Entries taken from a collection
========================================================================
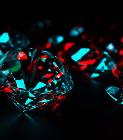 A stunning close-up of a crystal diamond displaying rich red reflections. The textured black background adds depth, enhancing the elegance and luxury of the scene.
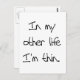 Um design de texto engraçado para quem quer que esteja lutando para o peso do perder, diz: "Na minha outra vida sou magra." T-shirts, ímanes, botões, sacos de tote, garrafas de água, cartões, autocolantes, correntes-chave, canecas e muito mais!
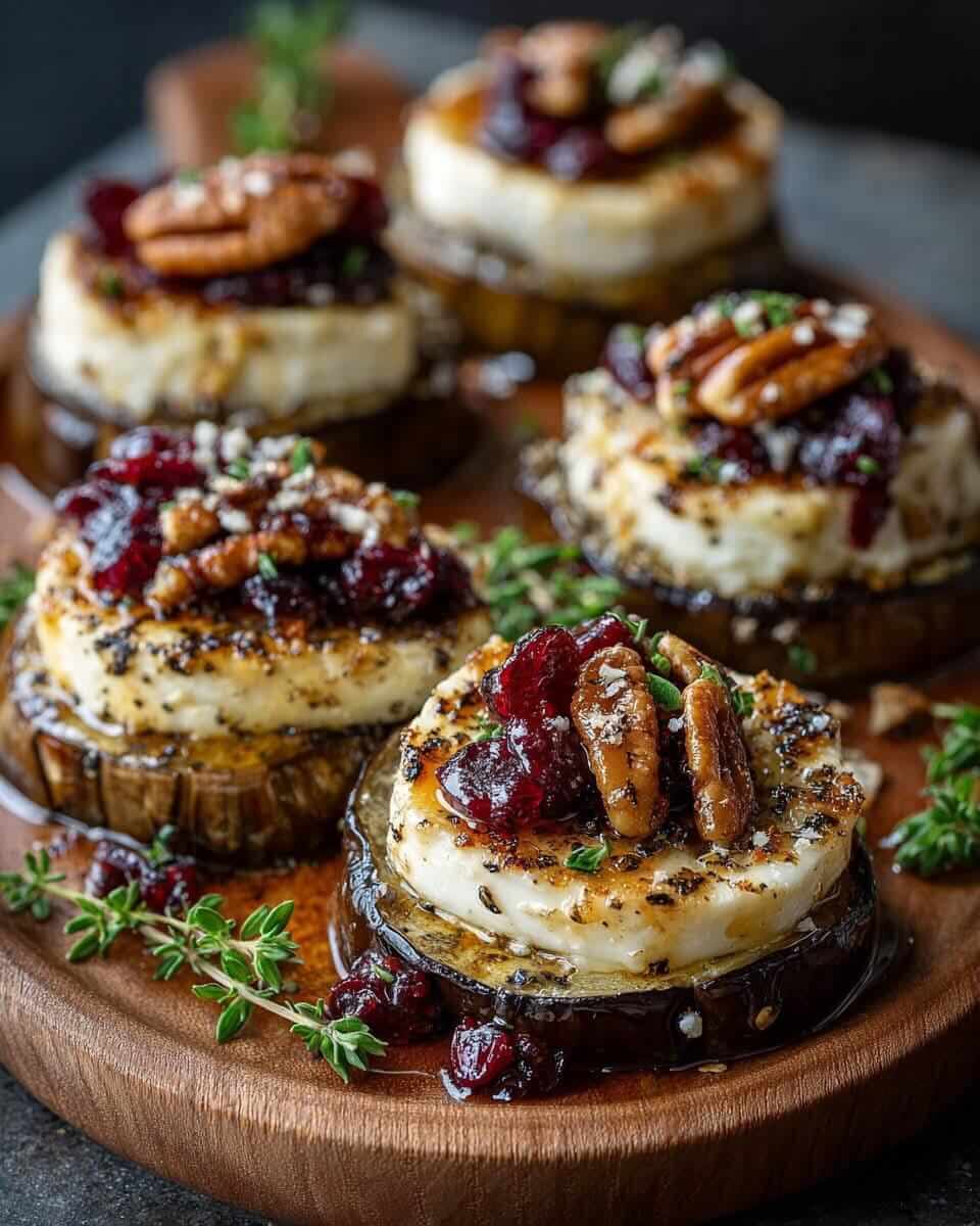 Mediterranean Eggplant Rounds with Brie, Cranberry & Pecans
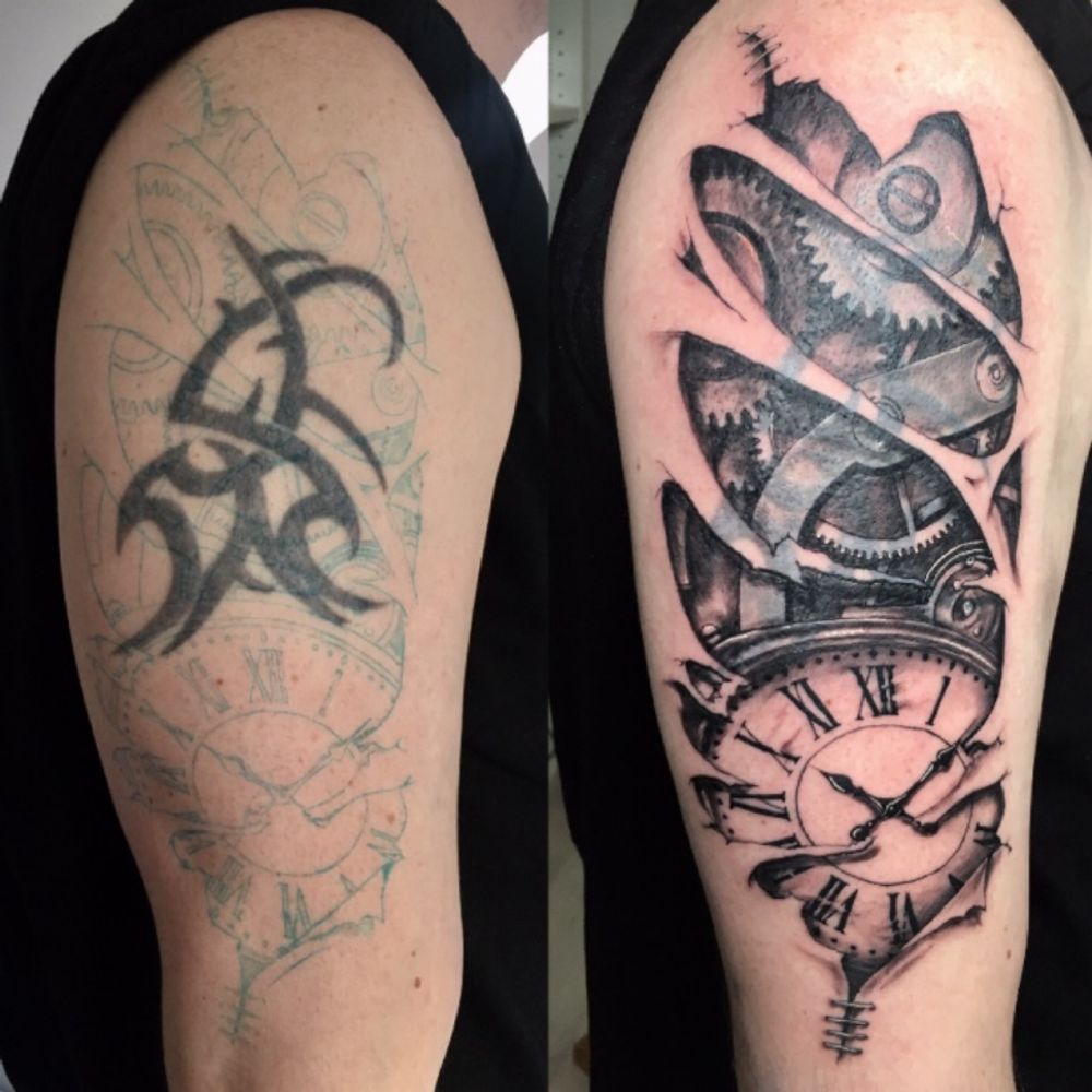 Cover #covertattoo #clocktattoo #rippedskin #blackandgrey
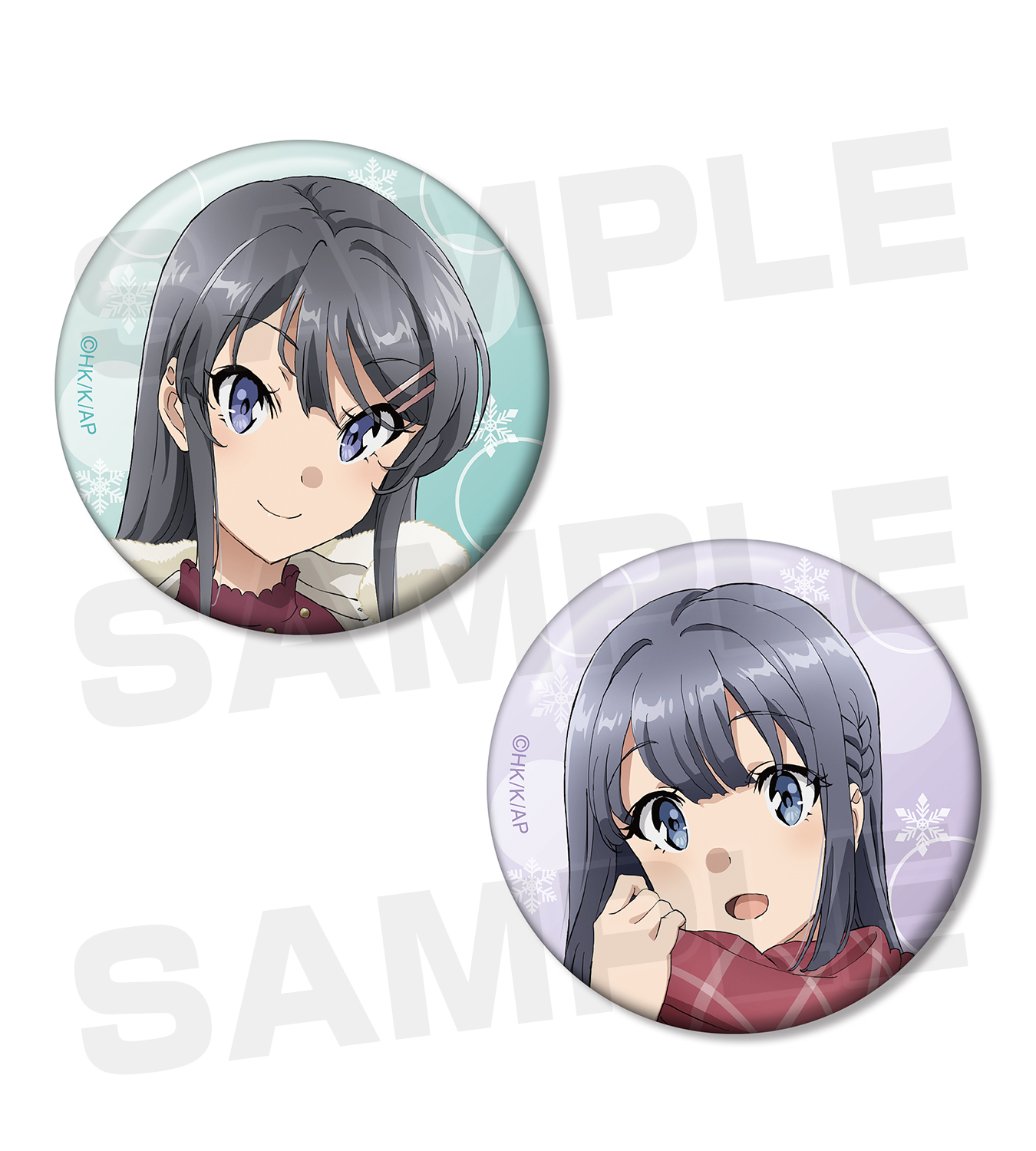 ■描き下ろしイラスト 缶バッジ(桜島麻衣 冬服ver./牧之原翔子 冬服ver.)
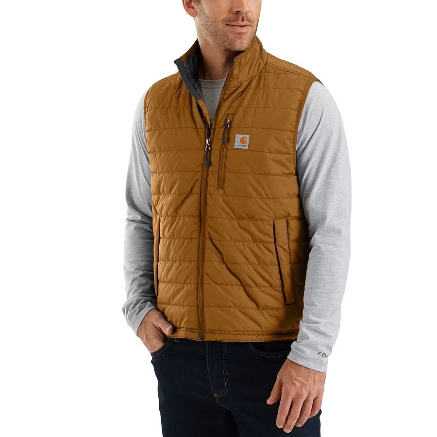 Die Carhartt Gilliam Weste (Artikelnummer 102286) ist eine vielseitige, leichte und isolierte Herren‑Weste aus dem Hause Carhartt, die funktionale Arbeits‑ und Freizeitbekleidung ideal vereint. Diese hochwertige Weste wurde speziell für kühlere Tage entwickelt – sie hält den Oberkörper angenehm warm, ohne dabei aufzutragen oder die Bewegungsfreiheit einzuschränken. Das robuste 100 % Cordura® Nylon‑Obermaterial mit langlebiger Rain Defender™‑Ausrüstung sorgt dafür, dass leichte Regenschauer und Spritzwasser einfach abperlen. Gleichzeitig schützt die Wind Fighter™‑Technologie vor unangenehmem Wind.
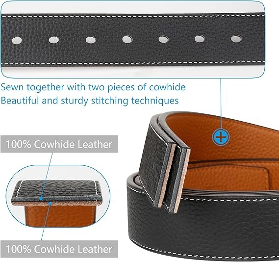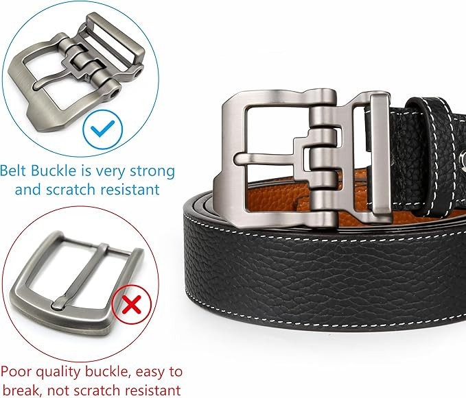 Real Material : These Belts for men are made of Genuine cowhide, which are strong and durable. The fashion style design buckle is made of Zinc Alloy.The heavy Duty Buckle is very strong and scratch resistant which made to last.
========================================================================
→ **EXERCISE OBJECTIVE**:
The answer should contain nothing but the lines from the top of the data above through the line containing "缶バッジ(桜島麻衣 冬服ver./牧之原翔子 冬服ver.)", copied exactly, with no images.

→ **SOLUTION TO THIS TASK**:
 A stunning close-up of a crystal diamond displaying rich red reflections. The textured black background adds depth, enhancing the elegance and luxury of the scene.
 Um design de texto engraçado para quem quer que esteja lutando para o peso do perder, diz: "Na minha outra vida sou magra." T-shirts, ímanes, botões, sacos de tote, garrafas de água, cartões, autocolantes, correntes-chave, canecas e muito mais!
 Mediterranean Eggplant Rounds with Brie, Cranberry & Pecans
 Cover #covertattoo #clocktattoo #rippedskin #blackandgrey
 ■描き下ろしイラスト 缶バッジ(桜島麻衣 冬服ver./牧之原翔子 冬服ver.)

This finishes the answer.